**Task description**
Copy every line from the records below that holds the word "eine".

━━━━━━━━━━━━━━━━━━━━

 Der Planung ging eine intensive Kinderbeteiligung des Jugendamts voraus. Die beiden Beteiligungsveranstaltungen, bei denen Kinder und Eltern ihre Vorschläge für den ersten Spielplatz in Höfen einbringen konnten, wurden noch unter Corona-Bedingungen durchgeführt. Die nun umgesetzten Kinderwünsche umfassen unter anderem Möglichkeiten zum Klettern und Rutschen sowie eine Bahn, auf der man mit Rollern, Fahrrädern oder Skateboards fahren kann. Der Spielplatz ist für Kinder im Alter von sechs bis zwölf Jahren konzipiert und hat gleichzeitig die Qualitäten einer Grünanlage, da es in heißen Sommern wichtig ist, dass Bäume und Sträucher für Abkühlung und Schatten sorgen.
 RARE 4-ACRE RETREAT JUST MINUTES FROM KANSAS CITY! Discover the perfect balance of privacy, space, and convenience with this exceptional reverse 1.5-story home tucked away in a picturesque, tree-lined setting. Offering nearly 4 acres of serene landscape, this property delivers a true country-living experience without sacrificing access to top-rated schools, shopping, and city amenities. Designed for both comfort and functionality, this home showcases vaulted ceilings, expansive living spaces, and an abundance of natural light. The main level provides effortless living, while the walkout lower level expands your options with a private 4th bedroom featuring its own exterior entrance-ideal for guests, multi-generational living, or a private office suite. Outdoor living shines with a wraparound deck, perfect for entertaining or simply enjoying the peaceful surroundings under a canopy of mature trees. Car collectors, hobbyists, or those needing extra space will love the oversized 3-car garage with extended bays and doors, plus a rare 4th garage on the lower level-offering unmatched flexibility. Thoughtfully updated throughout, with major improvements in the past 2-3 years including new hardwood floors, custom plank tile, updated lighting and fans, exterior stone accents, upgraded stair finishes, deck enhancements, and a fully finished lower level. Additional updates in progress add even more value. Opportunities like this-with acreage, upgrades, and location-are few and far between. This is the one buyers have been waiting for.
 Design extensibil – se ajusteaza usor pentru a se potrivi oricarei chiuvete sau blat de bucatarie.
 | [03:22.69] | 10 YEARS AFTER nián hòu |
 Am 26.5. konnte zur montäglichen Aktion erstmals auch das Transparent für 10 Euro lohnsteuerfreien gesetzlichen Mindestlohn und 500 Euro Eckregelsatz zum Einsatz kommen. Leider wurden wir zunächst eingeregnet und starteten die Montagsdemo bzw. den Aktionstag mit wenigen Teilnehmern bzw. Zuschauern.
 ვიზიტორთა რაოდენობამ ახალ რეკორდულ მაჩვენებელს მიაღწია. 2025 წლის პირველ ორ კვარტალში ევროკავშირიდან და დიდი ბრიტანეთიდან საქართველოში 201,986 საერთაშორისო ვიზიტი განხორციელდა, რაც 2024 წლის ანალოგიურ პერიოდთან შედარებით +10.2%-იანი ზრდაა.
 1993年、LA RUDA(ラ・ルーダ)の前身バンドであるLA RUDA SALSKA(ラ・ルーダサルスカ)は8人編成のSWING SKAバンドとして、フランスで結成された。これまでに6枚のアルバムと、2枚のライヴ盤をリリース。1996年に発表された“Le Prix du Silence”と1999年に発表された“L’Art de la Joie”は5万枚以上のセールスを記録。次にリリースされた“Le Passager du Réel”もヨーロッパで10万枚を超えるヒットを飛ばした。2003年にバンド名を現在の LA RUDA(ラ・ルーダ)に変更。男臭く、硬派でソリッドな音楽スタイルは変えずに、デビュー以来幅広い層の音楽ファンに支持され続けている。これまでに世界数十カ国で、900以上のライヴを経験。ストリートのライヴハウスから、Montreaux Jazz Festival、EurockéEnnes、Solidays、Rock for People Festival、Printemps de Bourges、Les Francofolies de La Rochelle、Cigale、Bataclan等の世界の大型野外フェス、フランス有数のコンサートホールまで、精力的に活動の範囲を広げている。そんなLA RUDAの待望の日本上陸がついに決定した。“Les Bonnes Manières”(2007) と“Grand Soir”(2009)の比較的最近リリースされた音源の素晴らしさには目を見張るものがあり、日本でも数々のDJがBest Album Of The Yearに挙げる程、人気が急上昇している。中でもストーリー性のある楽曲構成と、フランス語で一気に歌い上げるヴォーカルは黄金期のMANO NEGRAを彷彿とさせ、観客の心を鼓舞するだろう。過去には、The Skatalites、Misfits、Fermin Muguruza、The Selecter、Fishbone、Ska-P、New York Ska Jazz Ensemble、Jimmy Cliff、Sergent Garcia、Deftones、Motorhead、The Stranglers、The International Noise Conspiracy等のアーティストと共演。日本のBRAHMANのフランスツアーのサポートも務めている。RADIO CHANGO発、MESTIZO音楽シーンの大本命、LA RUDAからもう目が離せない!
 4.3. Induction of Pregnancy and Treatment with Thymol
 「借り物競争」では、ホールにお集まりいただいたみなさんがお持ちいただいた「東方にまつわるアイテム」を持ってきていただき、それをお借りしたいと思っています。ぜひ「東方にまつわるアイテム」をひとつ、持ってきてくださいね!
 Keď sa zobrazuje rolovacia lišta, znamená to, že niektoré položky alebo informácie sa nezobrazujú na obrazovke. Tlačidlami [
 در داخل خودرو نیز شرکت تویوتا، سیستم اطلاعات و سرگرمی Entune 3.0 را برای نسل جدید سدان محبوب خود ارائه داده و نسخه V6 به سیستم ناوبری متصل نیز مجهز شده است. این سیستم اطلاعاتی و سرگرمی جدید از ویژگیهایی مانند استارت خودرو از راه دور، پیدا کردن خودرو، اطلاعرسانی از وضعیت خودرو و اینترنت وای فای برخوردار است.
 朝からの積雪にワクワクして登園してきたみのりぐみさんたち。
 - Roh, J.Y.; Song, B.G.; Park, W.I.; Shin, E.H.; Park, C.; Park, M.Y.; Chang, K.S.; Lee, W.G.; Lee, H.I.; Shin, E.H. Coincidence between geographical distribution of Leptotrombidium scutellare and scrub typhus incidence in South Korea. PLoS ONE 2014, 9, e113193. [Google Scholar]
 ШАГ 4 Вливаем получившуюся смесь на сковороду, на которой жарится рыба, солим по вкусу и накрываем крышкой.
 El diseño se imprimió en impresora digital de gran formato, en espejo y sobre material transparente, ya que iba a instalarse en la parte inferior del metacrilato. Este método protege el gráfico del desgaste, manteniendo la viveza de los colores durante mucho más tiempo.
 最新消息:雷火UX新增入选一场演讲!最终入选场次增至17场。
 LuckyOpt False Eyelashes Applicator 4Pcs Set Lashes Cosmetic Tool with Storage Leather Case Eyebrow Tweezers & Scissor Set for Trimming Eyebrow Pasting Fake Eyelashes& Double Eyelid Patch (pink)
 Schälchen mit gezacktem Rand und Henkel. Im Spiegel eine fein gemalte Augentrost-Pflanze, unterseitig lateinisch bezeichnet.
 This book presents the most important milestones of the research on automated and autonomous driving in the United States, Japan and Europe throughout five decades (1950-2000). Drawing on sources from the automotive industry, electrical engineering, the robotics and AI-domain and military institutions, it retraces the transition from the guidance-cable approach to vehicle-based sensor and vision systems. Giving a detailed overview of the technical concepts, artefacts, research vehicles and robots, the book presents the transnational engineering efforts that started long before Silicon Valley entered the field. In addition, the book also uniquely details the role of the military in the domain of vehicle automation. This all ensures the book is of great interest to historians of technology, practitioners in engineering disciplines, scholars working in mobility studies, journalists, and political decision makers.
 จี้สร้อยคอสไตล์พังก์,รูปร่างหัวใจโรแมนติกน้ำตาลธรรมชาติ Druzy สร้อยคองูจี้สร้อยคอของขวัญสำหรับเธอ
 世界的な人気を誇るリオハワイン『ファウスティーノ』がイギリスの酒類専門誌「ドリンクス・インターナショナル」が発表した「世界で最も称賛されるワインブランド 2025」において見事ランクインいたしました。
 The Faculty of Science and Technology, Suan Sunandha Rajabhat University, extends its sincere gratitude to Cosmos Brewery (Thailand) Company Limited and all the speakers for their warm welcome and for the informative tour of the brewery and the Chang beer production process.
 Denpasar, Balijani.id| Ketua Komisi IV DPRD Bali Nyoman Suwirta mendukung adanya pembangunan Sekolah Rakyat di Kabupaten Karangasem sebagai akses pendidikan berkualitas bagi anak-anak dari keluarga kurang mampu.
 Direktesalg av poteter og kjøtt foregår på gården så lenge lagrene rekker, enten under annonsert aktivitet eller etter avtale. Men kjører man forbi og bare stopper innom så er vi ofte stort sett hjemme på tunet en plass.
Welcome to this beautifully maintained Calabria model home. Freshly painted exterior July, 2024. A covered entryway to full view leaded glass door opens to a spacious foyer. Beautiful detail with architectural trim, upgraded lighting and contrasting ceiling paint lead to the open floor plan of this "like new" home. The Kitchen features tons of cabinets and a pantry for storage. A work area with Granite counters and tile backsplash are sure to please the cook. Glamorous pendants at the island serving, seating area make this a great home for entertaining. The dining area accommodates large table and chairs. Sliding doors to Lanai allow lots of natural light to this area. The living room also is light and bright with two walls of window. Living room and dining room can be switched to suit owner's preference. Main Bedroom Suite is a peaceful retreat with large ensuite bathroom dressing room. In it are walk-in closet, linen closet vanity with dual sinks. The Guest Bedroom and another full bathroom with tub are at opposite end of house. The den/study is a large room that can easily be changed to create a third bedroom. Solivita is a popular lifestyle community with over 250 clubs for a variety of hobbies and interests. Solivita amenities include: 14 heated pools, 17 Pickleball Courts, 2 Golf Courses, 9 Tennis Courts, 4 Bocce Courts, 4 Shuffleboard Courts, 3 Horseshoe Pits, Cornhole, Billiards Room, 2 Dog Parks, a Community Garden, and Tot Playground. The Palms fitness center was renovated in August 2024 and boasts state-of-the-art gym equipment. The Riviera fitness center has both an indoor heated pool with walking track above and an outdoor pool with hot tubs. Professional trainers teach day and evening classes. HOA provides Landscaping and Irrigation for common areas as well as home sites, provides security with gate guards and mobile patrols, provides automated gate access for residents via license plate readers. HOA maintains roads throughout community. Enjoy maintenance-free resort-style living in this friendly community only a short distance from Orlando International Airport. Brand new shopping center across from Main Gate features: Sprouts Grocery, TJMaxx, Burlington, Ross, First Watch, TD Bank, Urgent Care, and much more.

━━━━━━━━━━━━━━━━━━━━

**Solution to the problem**
 Der Planung ging eine intensive Kinderbeteiligung des Jugendamts voraus. Die beiden Beteiligungsveranstaltungen, bei denen Kinder und Eltern ihre Vorschläge für den ersten Spielplatz in Höfen einbringen konnten, wurden noch unter Corona-Bedingungen durchgeführt. Die nun umgesetzten Kinderwünsche umfassen unter anderem Möglichkeiten zum Klettern und Rutschen sowie eine Bahn, auf der man mit Rollern, Fahrrädern oder Skateboards fahren kann. Der Spielplatz ist für Kinder im Alter von sechs bis zwölf Jahren konzipiert und hat gleichzeitig die Qualitäten einer Grünanlage, da es in heißen Sommern wichtig ist, dass Bäume und Sträucher für Abkühlung und Schatten sorgen.
 Schälchen mit gezacktem Rand und Henkel. Im Spiegel eine fein gemalte Augentrost-Pflanze, unterseitig lateinisch bezeichnet.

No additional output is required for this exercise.